DATA PROVIDED
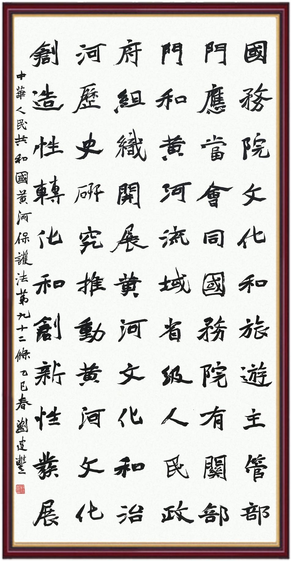 黃河寧,天下平。黃河是中華民族的發(fā)源地和搖籃,保護黃河是事關中華民族偉大復興的千秋大計。《中華人民共和國黃河保護法》為推進水資源節(jié)約集約利用、保護傳承弘揚黃河文化、推動黃河流域生態(tài)保護和高質量發(fā)展提供了有力法治保障。繼書寫《中華人民共和國民法典》《中華人民共和國憲法》《中華人民共和國澳門特別行政區(qū)基本法》《中華人民共和國香港特別行政區(qū)基本法》《中華人民共和國國旗法》《中華人民共和國國徽法》《中華人民共和國國歌法》《中華人民共和國法官法》等法律法規(guī)之后,法制日報社聯(lián)合沿黃九?。▍^(qū))司法廳、書法家協(xié)會,將筆端對準《中華人民共和國黃河保護法》。
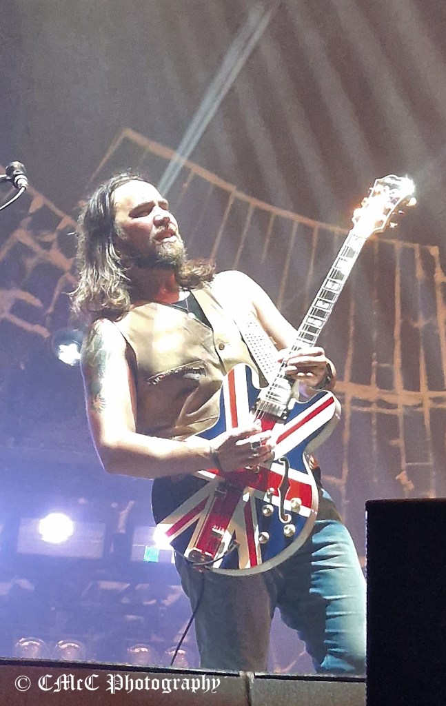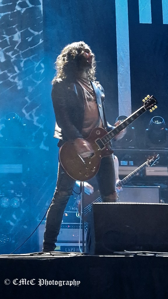 At 6:55 pm the lights dinned and opening act Mammoth WVH took to the stage. I was standing further to the left than I had been in Glasgow earlier in the week so had a great view of guitarist Frank Sidoris and bassist Ronnie Ficaro and of course the super talented Wolf Van Halen. Half an hour just isn’t enough, although these guys crammed seven songs into it. Wolf’s dad is never far from his thoughts. Introducing Think It Over, Wolf commented that it had been his dad’s favourite. Loved it.
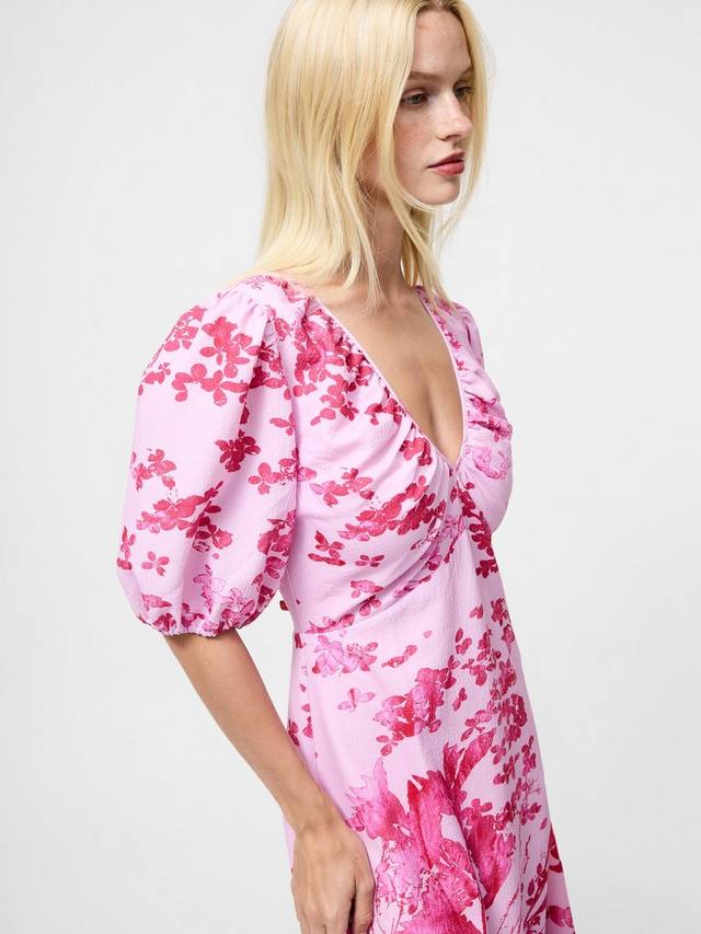 Платье Isla Odette с V-образным вырезом добавит романтики вашему гардеробу. Это платье с цветочным принтом струящегося силуэта миди с объемными рукавами-буфами и V-образным вырезом с рюшами.
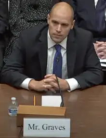 Graves and another Super Hornet pilot Danny Accoin shared with The New York Times on May 26, 2019, about unidentified anomalous phenomena (UAPs) that they and other pilots witnessed almost daily on radar, infrared, and visually from the summer of 2014 to March 2015 during training missions over the East Coast of the United States.[1] Politico reported in August 2023 that the All-domain Anomaly Resolution Office (AARO) is "required by law to launch a public-facing website where witnesses can directly report potential UFO sightings" but that this website is "tied up in Pentagon red tape".[2] Graves told Politico that "the existing reporting mechanisms only receive two or three reports a month" whereas his nonprofit group, Americans for Safe Aerospace, receives "this same number of reports every couple of days".[2] Graves testified alongside David Fravor and David Grusch at a July 26, 2023 House hearing on UAPs.[3]
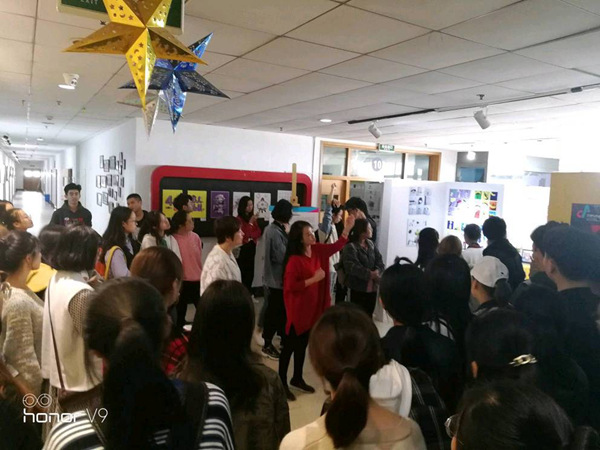 展覽期間,學院還組織16級環設專業李曾龍等高年級學生與新生做面對面的學習交流,傳授學習經驗和藝術訓練的體會。
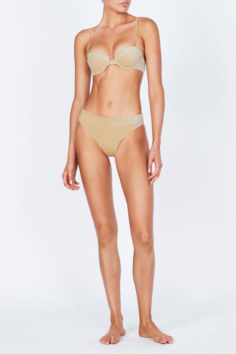 A bra style top with matching high waist bottoms in lurex. Featuring a padded cup with adjustable shoulder straps and back clasp fastening. The high waist bottom features a wide band that sits close to the waist. This bikini also comes with a matching drawstring dust bag.

AIM OF THE EXERCISE
Please write the data out again exactly, but do not carry over the pictures.

ANSWER TO THE EXERCISE
 黃河寧,天下平。黃河是中華民族的發(fā)源地和搖籃,保護黃河是事關中華民族偉大復興的千秋大計。《中華人民共和國黃河保護法》為推進水資源節(jié)約集約利用、保護傳承弘揚黃河文化、推動黃河流域生態(tài)保護和高質量發(fā)展提供了有力法治保障。繼書寫《中華人民共和國民法典》《中華人民共和國憲法》《中華人民共和國澳門特別行政區(qū)基本法》《中華人民共和國香港特別行政區(qū)基本法》《中華人民共和國國旗法》《中華人民共和國國徽法》《中華人民共和國國歌法》《中華人民共和國法官法》等法律法規(guī)之后,法制日報社聯(lián)合沿黃九?。▍^(qū))司法廳、書法家協(xié)會,將筆端對準《中華人民共和國黃河保護法》。
 At 6:55 pm the lights dinned and opening act Mammoth WVH took to the stage. I was standing further to the left than I had been in Glasgow earlier in the week so had a great view of guitarist Frank Sidoris and bassist Ronnie Ficaro and of course the super talented Wolf Van Halen. Half an hour just isn’t enough, although these guys crammed seven songs into it. Wolf’s dad is never far from his thoughts. Introducing Think It Over, Wolf commented that it had been his dad’s favourite. Loved it.
 Платье Isla Odette с V-образным вырезом добавит романтики вашему гардеробу. Это платье с цветочным принтом струящегося силуэта миди с объемными рукавами-буфами и V-образным вырезом с рюшами.
 Graves and another Super Hornet pilot Danny Accoin shared with The New York Times on May 26, 2019, about unidentified anomalous phenomena (UAPs) that they and other pilots witnessed almost daily on radar, infrared, and visually from the summer of 2014 to March 2015 during training missions over the East Coast of the United States.[1] Politico reported in August 2023 that the All-domain Anomaly Resolution Office (AARO) is "required by law to launch a public-facing website where witnesses can directly report potential UFO sightings" but that this website is "tied up in Pentagon red tape".[2] Graves told Politico that "the existing reporting mechanisms only receive two or three reports a month" whereas his nonprofit group, Americans for Safe Aerospace, receives "this same number of reports every couple of days".[2] Graves testified alongside David Fravor and David Grusch at a July 26, 2023 House hearing on UAPs.[3]
 展覽期間,學院還組織16級環設專業李曾龍等高年級學生與新生做面對面的學習交流,傳授學習經驗和藝術訓練的體會。
 A bra style top with matching high waist bottoms in lurex. Featuring a padded cup with adjustable shoulder straps and back clasp fastening. The high waist bottom features a wide band that sits close to the waist. This bikini also comes with a matching drawstring dust bag.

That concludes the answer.